=== Begin Enclosure ===

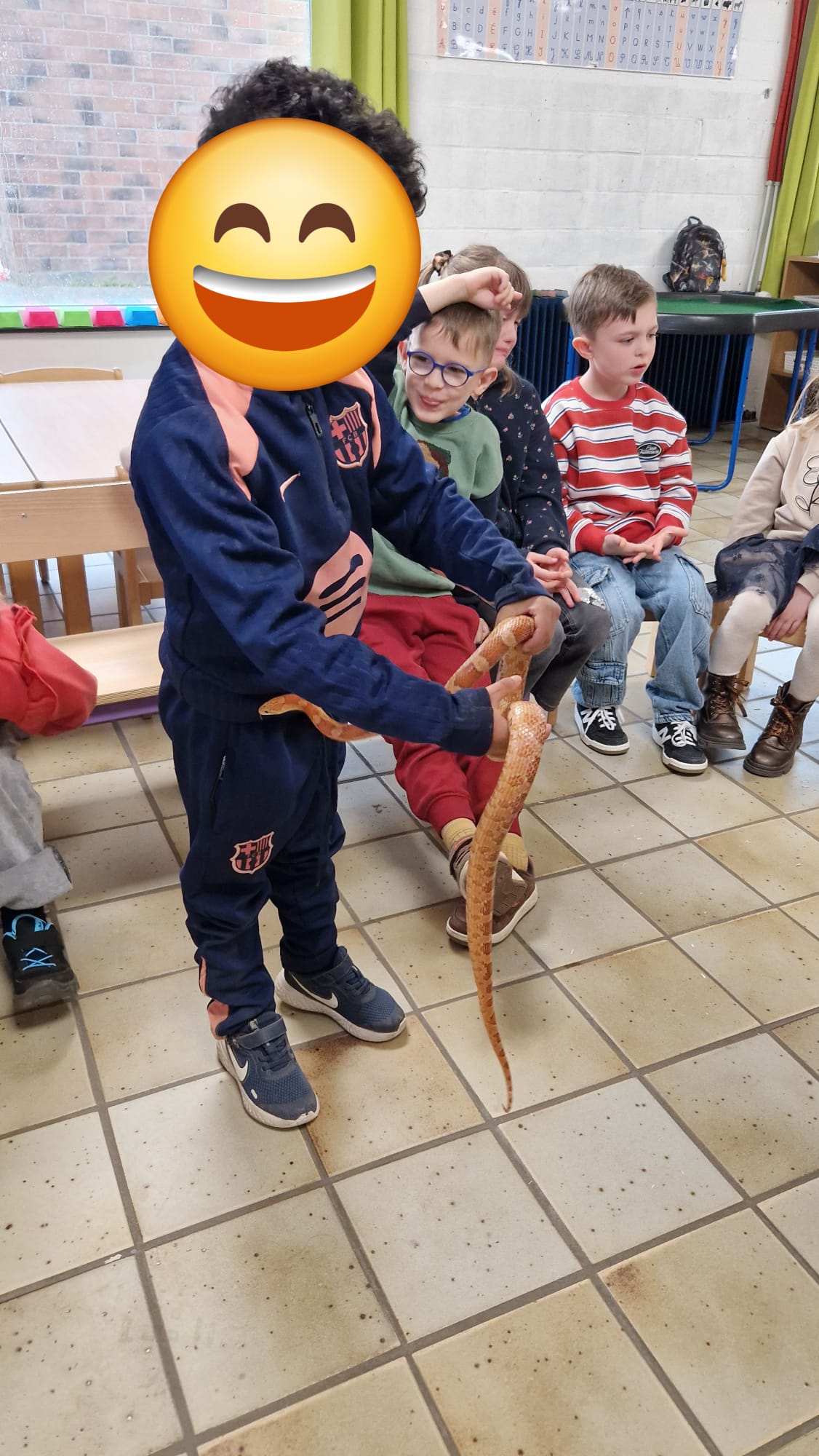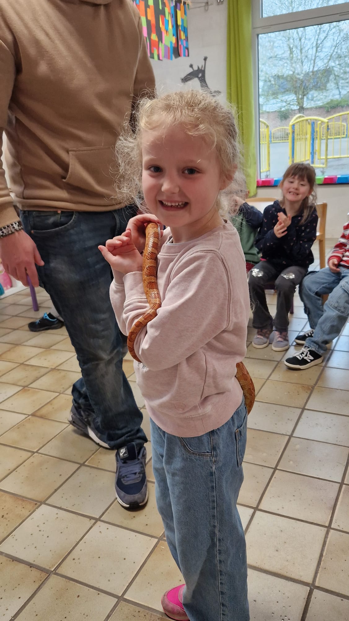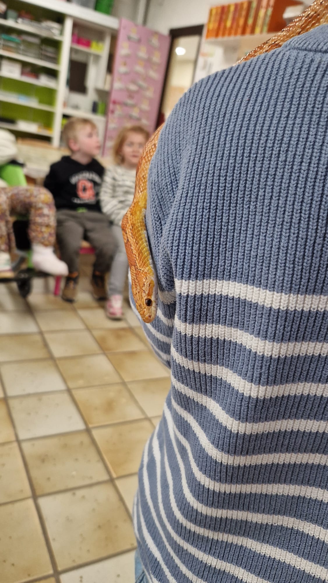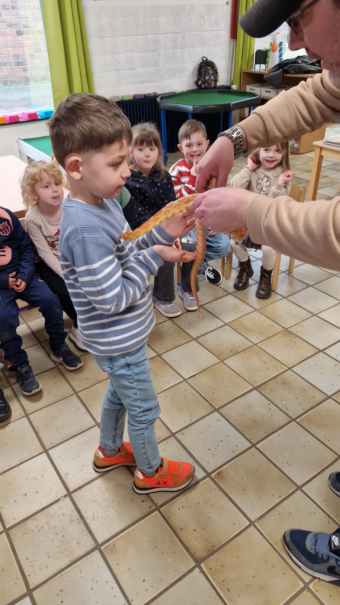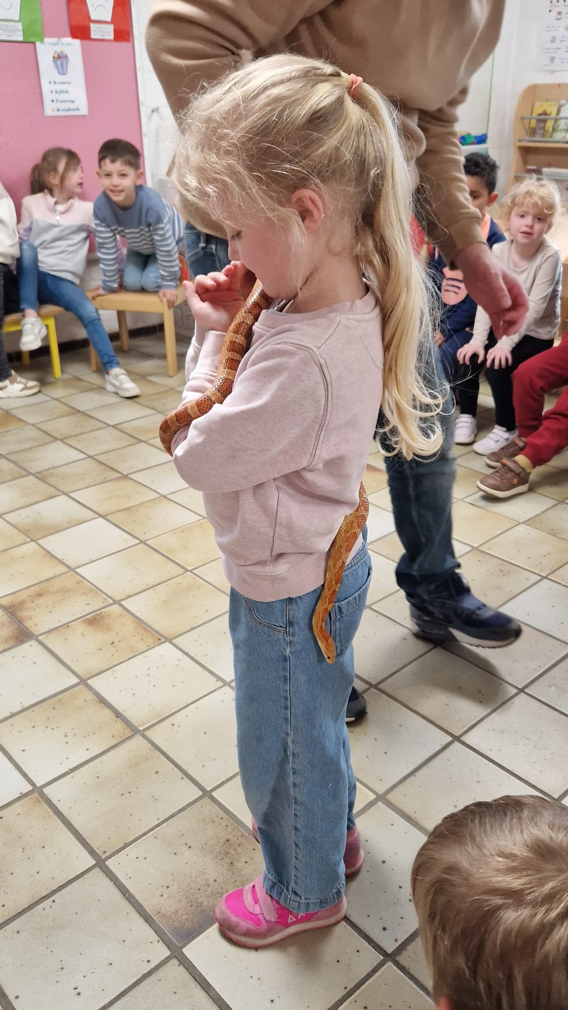 Ce mercredi 25 mars, nous avons reçu la visite de Ginou, le serpent de Kerissa. Son papa Damien nous a permis de découvrir cet animal extraordinaire et surtout de surmonter la peur des enfants. Les plus téméraires ont même pu le porter et le toucher. Quelle belle découverte en éveil scientifique
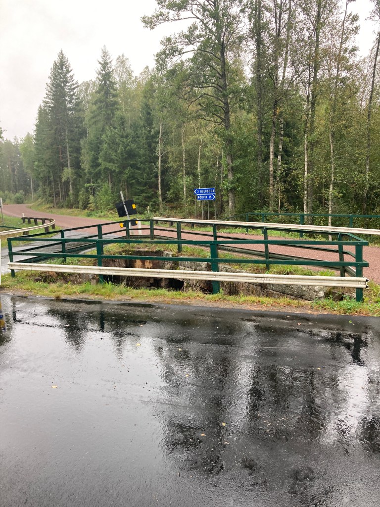 Och så lägger vi väl till torsdagen här också😀 ute i tassemarken finns det nämligen ingen täckning! Inte mycket att berätta idag, vi har suttit på en avstängd väg,,, det absolut tråkigaste som finns. Absolut inget att berätta,,,,, nada! Regnar och blåser gör det också,,,, så oddsen för glädje är lika med NOLL😂 Jag står i en trevägskorsning och det enda märkvärdiga här är hur de har byggt korset,,, typ 1929 nångång!! Rinner nämligen en bäck mitt i alltihopa.
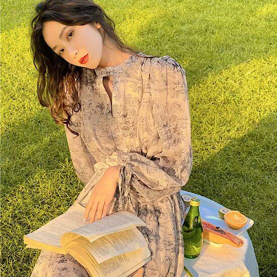 軽やかシフォンのヨーロピアンワンピースドレス。
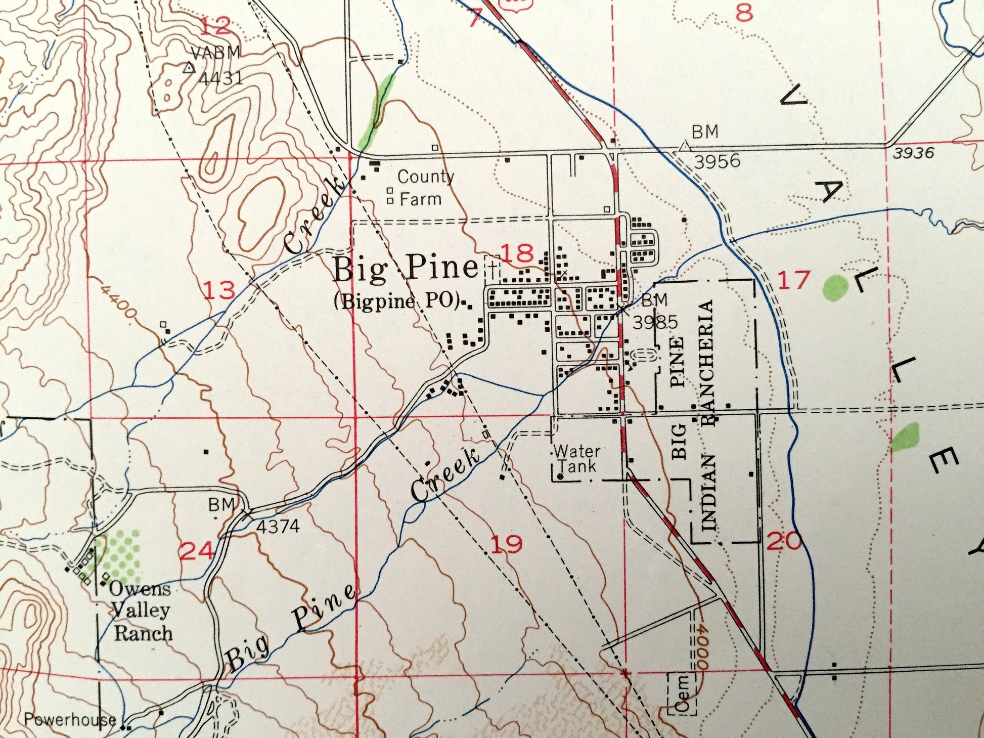 Antique Big Pine, California 1950 US Geological Survey Topographic Map – Inyo National Forest, Kings Canyon Park, Fresno County Owens Valley

=== End Enclosure ===

Activity – Write out each line of the listing above, exactly, from its first line to the line holding "軽やかシフォンのヨーロピアンワンピースドレス。", inclusive. Skip the pictures.

Solved exercise –
 Ce mercredi 25 mars, nous avons reçu la visite de Ginou, le serpent de Kerissa. Son papa Damien nous a permis de découvrir cet animal extraordinaire et surtout de surmonter la peur des enfants. Les plus téméraires ont même pu le porter et le toucher. Quelle belle découverte en éveil scientifique
 Och så lägger vi väl till torsdagen här också😀 ute i tassemarken finns det nämligen ingen täckning! Inte mycket att berätta idag, vi har suttit på en avstängd väg,,, det absolut tråkigaste som finns. Absolut inget att berätta,,,,, nada! Regnar och blåser gör det också,,,, så oddsen för glädje är lika med NOLL😂 Jag står i en trevägskorsning och det enda märkvärdiga här är hur de har byggt korset,,, typ 1929 nångång!! Rinner nämligen en bäck mitt i alltihopa.
 軽やかシフォンのヨーロピアンワンピースドレス。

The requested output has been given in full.